Separate chart by deposit type and market segment to understand the differences clearly.

ggplot(data = hotel_bookings) +
    geom_bar(mapping = aes(x = distribution_channel, fill = distribution_channel)) +
    facet_wrap(~deposit_type) +
    theme(axis.text.x = element_text(angle = 45)) +
    labs(title = "Comparison of Three Types of Deposit", subtitle = "Values Showed By Distribution Channel")

Now compare more variable in facet of the graph by insert the market segment to the chart.

ggplot(data = hotel_bookings) +
    geom_bar(mapping = aes(x = distribution_channel, fill = distribution_channel)) +
    facet_wrap(~deposit_type ~market_segment) +
    theme(axis.text.x = element_text(angle = 45)) +
    labs(title = "Segmented Plot of Distribution Channel", subtitle = "Segment Based on Deposit Types and Distribution Channels")

Hard to see. Seem overwhelming. But it’s useful to explore the dataset through visualization.

1st Conclusion:

  • Online TA is the highest distibution channel in booking the hotels in our dataset.

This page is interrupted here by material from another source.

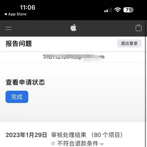 当被问及不通过的具体原因,苹果客服称,退款审核是针对用户账号、订单信息和Apple退款政策综合评估的结果,是封闭的内部操作,并不由人工客服参与,因而无法给出解答。

The second is offline TA/TO.
  • No Deposit is the highest way choosen in booking the hotels in our dataset.

Step 4: Analyze the Dataset to Make a Family-Friendly Promotion’s Market Segments

Spesific Purpose: To run a family-friendly promotion that targetting key market segments

Show the correlation between booking’s lead time and guests who bring their children

# Show the correlation between booking's lead time and guests who bring their children
ggplot(data = hotel_bookings) +
    geom_point(mapping = aes(x = lead_time, y = children)) +
    labs(title = "Any Correlation Between Lead Time and Guest's Children?", subtitle = "Lead Time Versus Number of Children Bringing By The Guest") +
    annotate("text", x = 300, y = 3.5, label = "Shorter lead times for guests with fewer children", color = "Blue", size =4.5)

The scatter chart above shows that most of the guest who booked the hotel earlier didn’t have or did’t bring their children.

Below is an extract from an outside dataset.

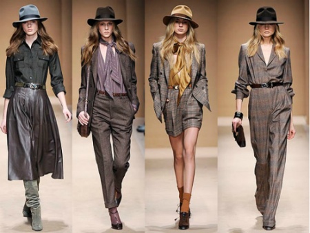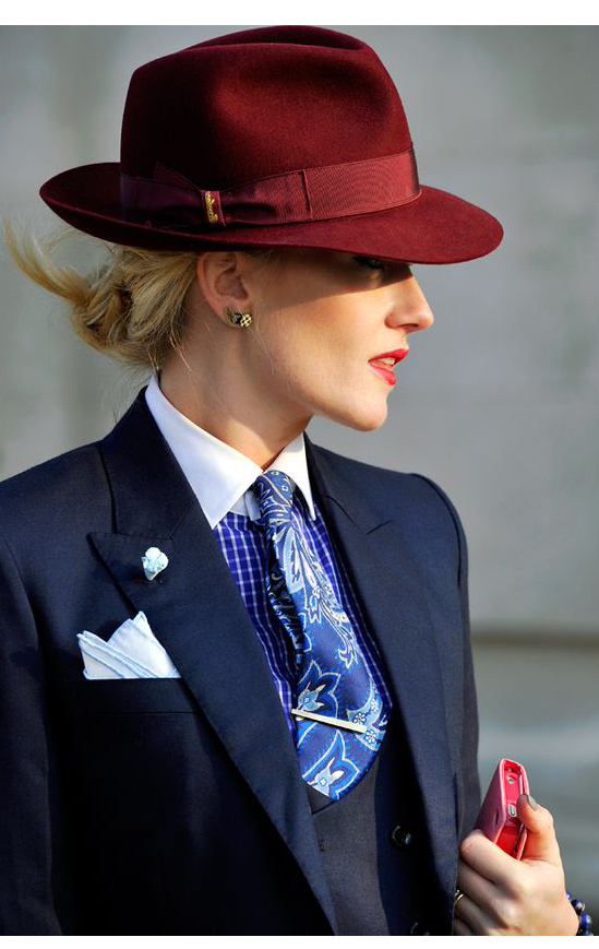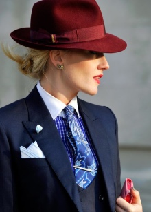 Trilby very effectively combined with a variety of trouser suits. Outfit may consist of classic trousers and jacket. Pants can have almost any cut. They can be replaced by a feminine pencil skirt. It is recommended to wear contrasting shirts and blouses under the jacket.

# Show the hotel types and the market segments for each hotel type
ggplot(data = hotel_bookings) +
    geom_bar(mapping = aes(x = hotel, fill = market_segment)) +
    labs(title = "What Hotel Type Mostly Chosen?", subtitle = "Based on Market Segment")

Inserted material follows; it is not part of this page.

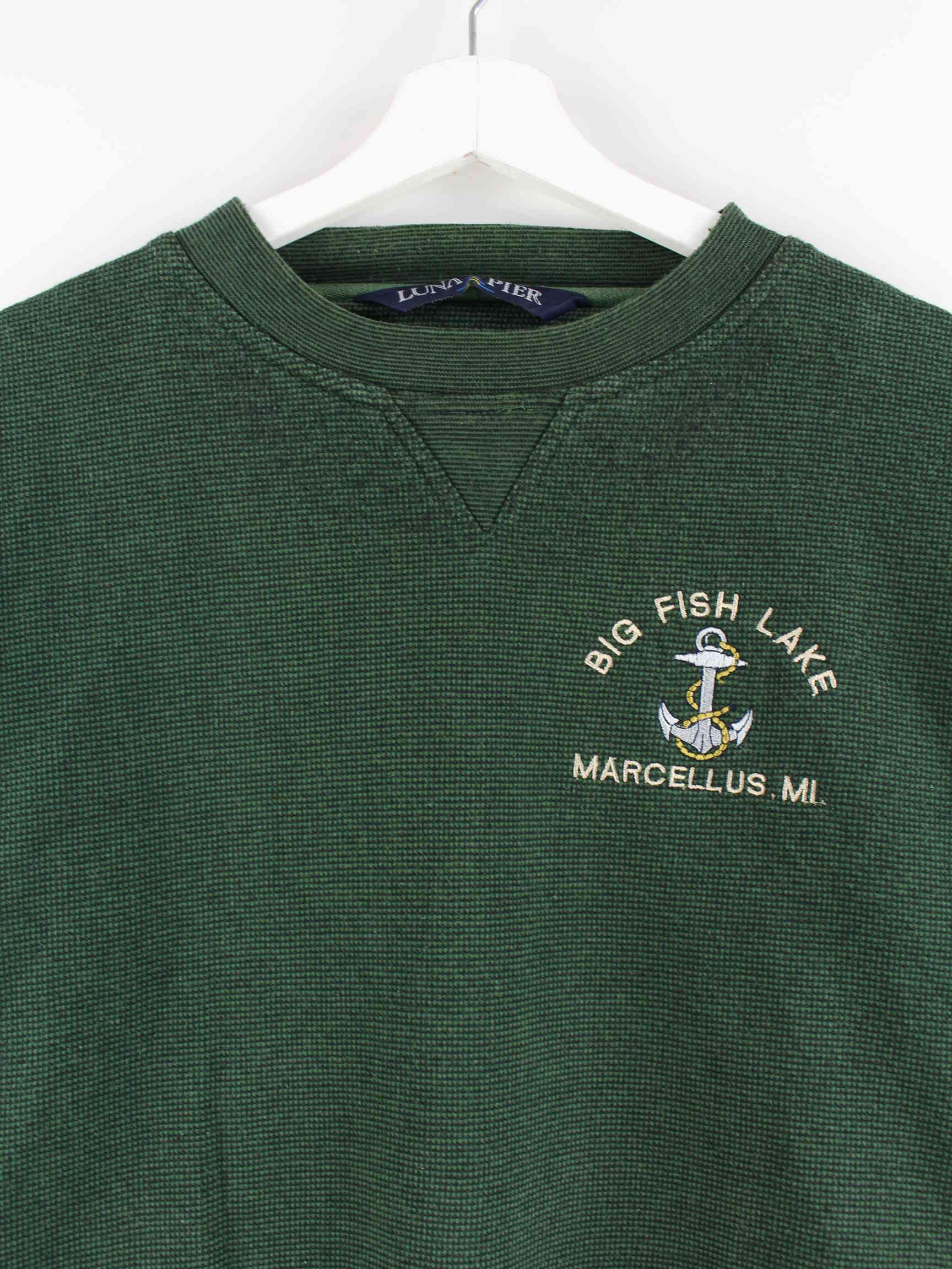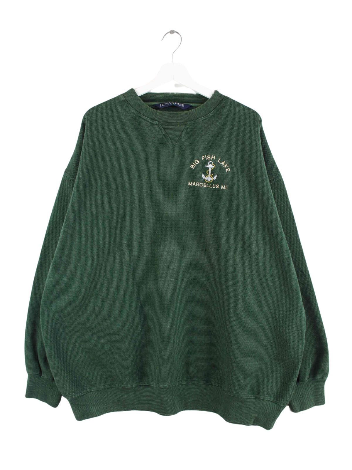 Vintage Sweater mit gestickten Mustern in Größe 3XL. Er ist aus einer Baumwollmischung gemacht und in Grün on Stock.

At a glance, City Hotel is the most hotel type chosen by the guest and the Online Travel Agent is the biggest segment in both types of hotel.

Lets see more clearly, More detail about time period

This is useful to target the promotion in the future.

mindate <- min(hotel_bookings$arrival_date_year)
maxdate <- max(hotel_bookings$arrival_date_year)
# Show Market Segmentation based on Hotel Types Chosen.
ggplot(data = hotel_bookings) +
    geom_bar(mapping = aes(x = market_segment)) +
    facet_wrap(~hotel) +
    theme(axis.text.x = element_text(angle = 45)) +
    labs(title = "Market Segmentation Based On Hotel Types",
        caption = paste0("Data From:", " ", mindate, " ", "to", " ", maxdate),
        x = "Market Segment",
        y = "Number of Bookings")

# Show the hotel types and the market segments for each hotel type
ggplot(data = hotel_bookings) +
    geom_bar(mapping = aes(x = hotel)) +
    facet_wrap(~market_segment)

Now we can segment it more clearly. Online Travel Agent is the biggest market segment and City Hotel is the most chosen hotel types.

Lets take a look more deeply, about the spesific timing for the promotion

Need to filtering our data first. Then, plotting filtered data.

Specify our segment to Online TA.

Create new data frame named onlineta_city_hotels

# Filtering Data to create a data set that only includes the spesific variable, "hotel type" and "market segment"
onlineta_city_hotels <- hotel_bookings %>%
    filter(hotel == "City Hotel") %>%
    filter(market_segment == "Online TA")
View(onlineta_city_hotels)
# Show correlation between booking's lead time with number of children whom guest have.
ggplot(data = onlineta_city_hotels) +
    geom_point(mapping = aes(x = lead_time, y = children, color = children))+
    facet_wrap(~children) +
    labs(title = "Lead Time and Number of Guest's Children")

Above plot reveals that:

Bookings with children tend to have a shorter lead time

Bookings with 3 children have significantly shorter lead time (less than 200 days)

2nd Conclusion:

  • The online segment is the fastest growing segment.
  • Families (guests with children) tend to spent more time at the city hotels than other type of guests.